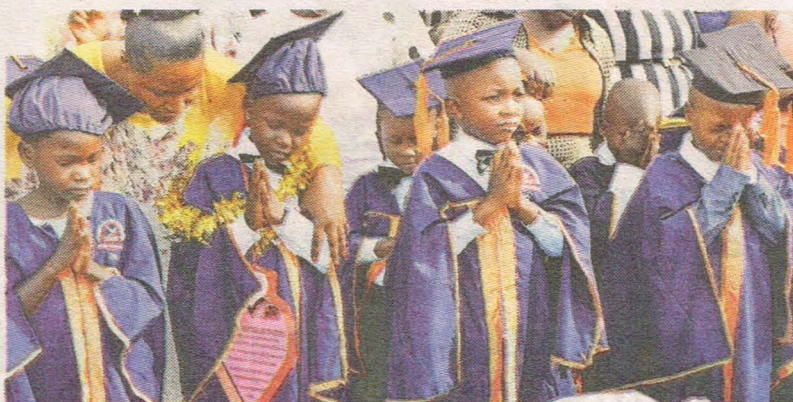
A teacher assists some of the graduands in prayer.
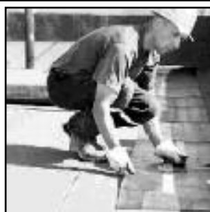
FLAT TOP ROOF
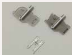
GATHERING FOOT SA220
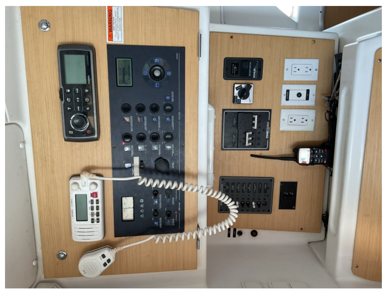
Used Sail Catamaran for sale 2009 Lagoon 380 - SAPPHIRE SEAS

> **ABOUT THIS EXERCISE**:
Your task is to retype exactly the lines that run from the line with "FLAT TOP ROOF" through the last line of the material, with the pictures left out.

> **TASK RESULT**:
FLAT TOP ROOF
GATHERING FOOT SA220
Used Sail Catamaran for sale 2009 Lagoon 380 - SAPPHIRE SEAS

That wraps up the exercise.